Abstract

Combustion in aircraft engines results in the formation of nitrogen oxides (NOx) and carbon dioxide (CO2), among other species. NOx impacts air quality and is an indirect contributor to radiative forcing, while CO2 is a long-lived greenhouse gas. The International Civil Aviation Organization sets limits on NOx emissions from commercial aircraft, where for engines with a rated thrust greater than 89 kN the allowable NOx production per unit rated thrust is defined as a function of engine overall pressure ratio (OPR). This definition links the engine thermodynamic cycle, and implicitly fuel burn and CO2 emissions, to allowable NOx levels. These regulations have historically been evaluated and implemented with a focus on reducing adverse air quality impacts around airports, but the thermodynamic efficiency tradeoff with CO2 requires additional analysis to quantify net environmental impacts.
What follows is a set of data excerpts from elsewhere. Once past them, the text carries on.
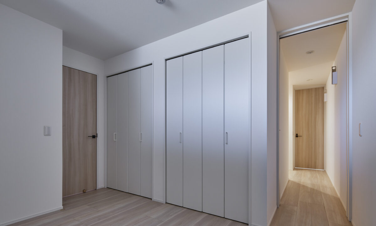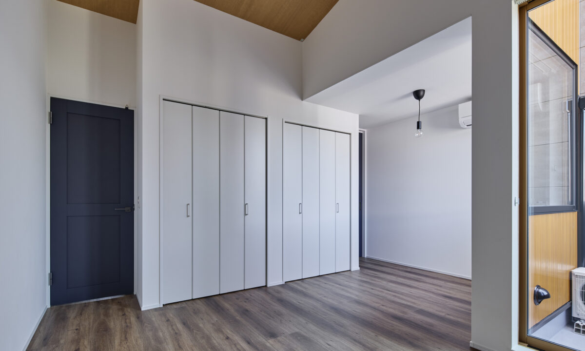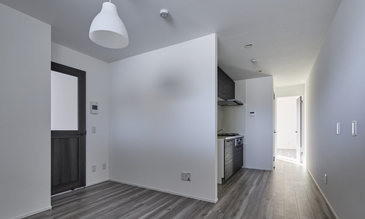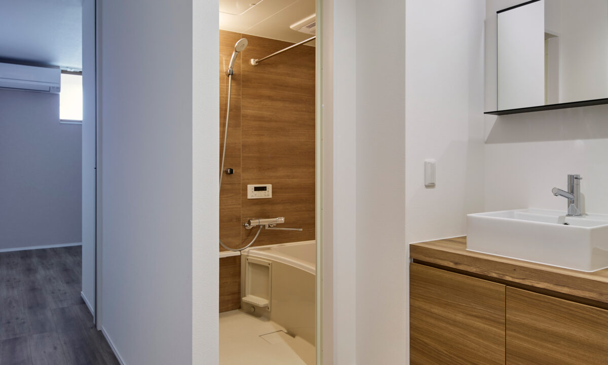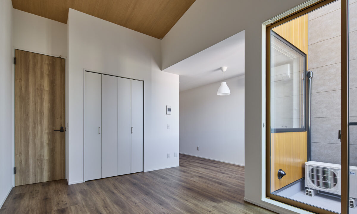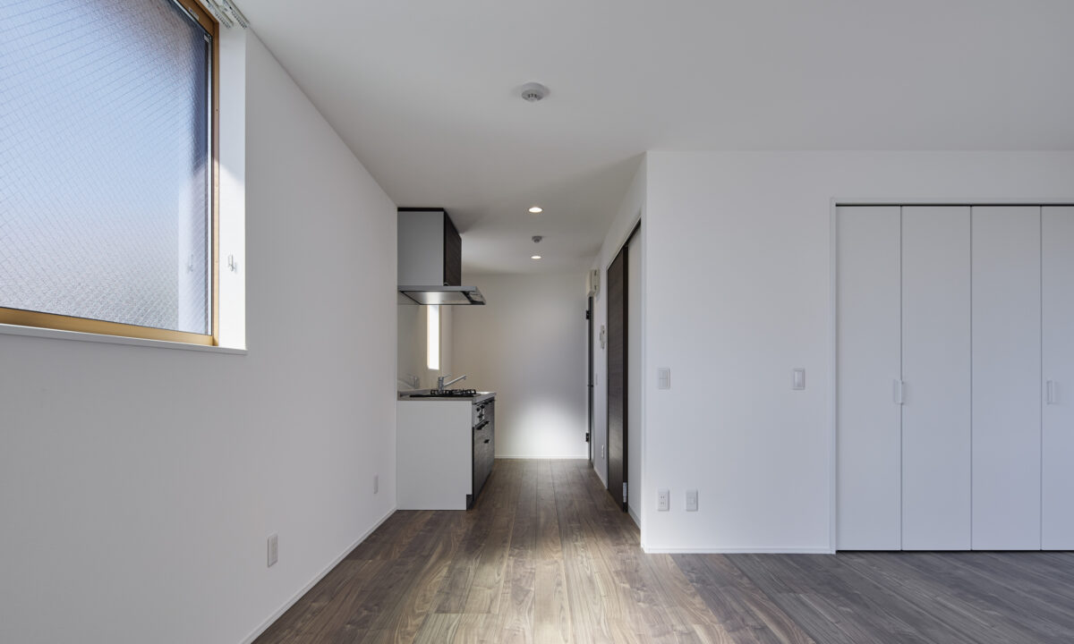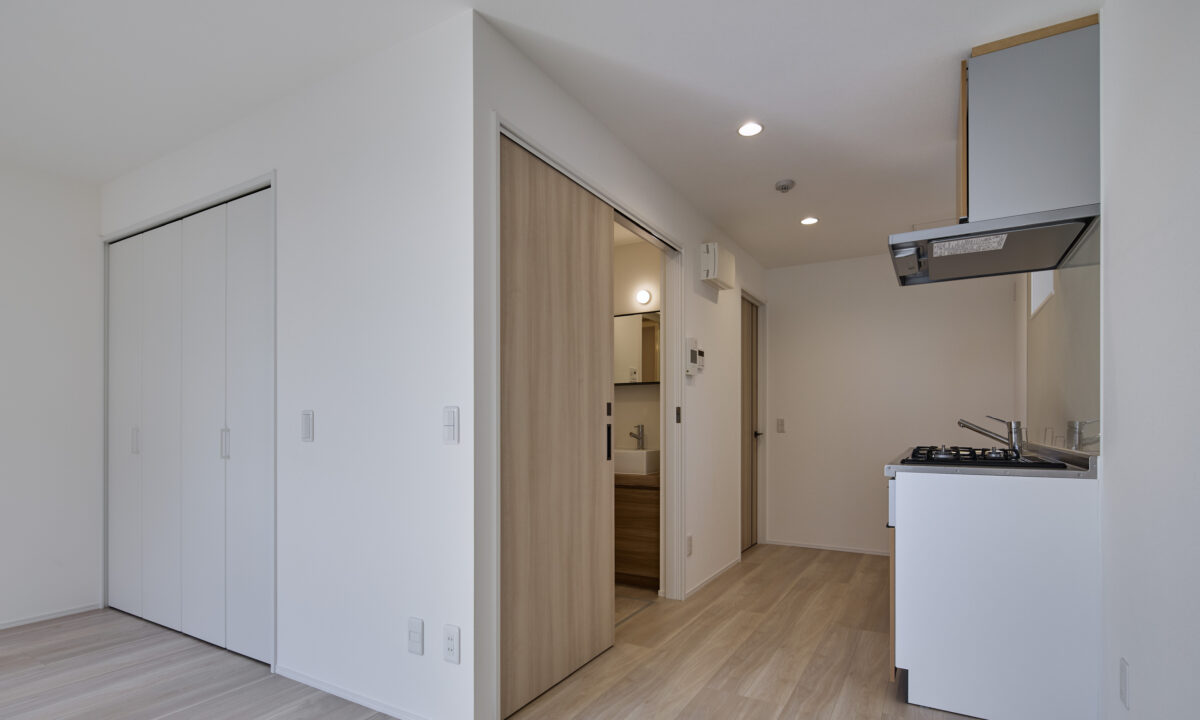 住戸は26~51㎡で、単身者やカップルを想定した間取り。中央に水回りを集約し、回遊性を持たせることで暮らしやすさを高めています。東西の個室でプライバシーを確保しつつ、家事動線にも配慮したプランです。3階の一部住戸には吹き抜けを設け、明るく開放的な空間をつくりました。設備は高効率給湯器や高性能サッシを採用し、居住時のエネルギー負担を軽減。上下階の遮音性にも配慮し、乾式二重床や石膏ボード二重貼りなど、注文住宅で培った技術を幅広く活かしています。
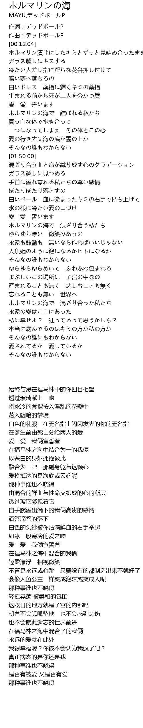 | [02:54.02] | ホルマリンの海で 混ざり合う私たち |
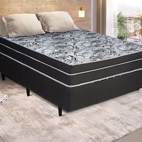 Colchao Queen Size Molas Ensacadas D28 Suporta 100kg Antiderrapante Cinza Floral - Cinza | Branco
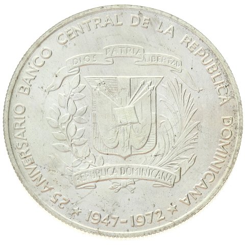 Dominikanske republik - 1 peso 1972 - Centralbank - sølv - KM# 34
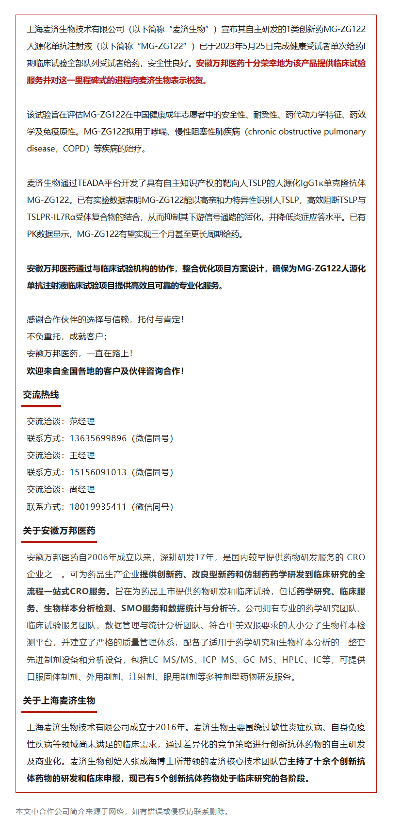 喜訊|安徽萬邦醫藥助力麥濟生物MG-ZG122人源化單抗注射液完成Ⅰ期臨床給藥
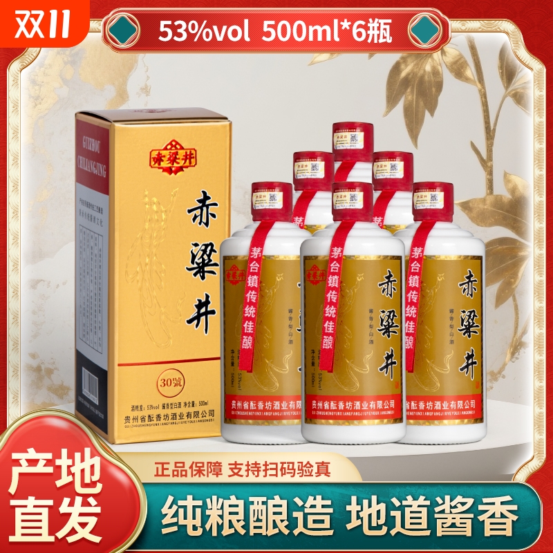 赤粱井贵州酱香型白酒53度纯粮食酒正品官方旗舰店整箱500ml*
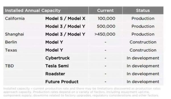 特斯拉各工厂产能 图源|特斯拉财报

This paper introduces a social cost basis for evaluating aviation NOx emissions regulations and quantifies the implied CO2 and NOx attributable air quality damage, climate damage, and fuel costs associated with the emissions standard. We show that higher overall pressure ratio engines operating at the current NOx regulatory limit are allowed more environmental damage per unit rated thrust than lower overall pressure ratio engines, resulting in variable social costs per unit thrust (i.e. fuel and environmental costs combined) across the engine design space. This is a consequence of the definition of the regulation today, where higher pressure ratio engines are allowed higher NOx emissions. Alternative regulation definitions are evaluated which consider the engine cycle and combustor together. Achieving constant social costs requires a regulatory limit where the increase in allowed NOx emissions tapers off at higher pressure ratios, corresponding to the diminishing marginal efficiency improvements due to increasing OPR in that region.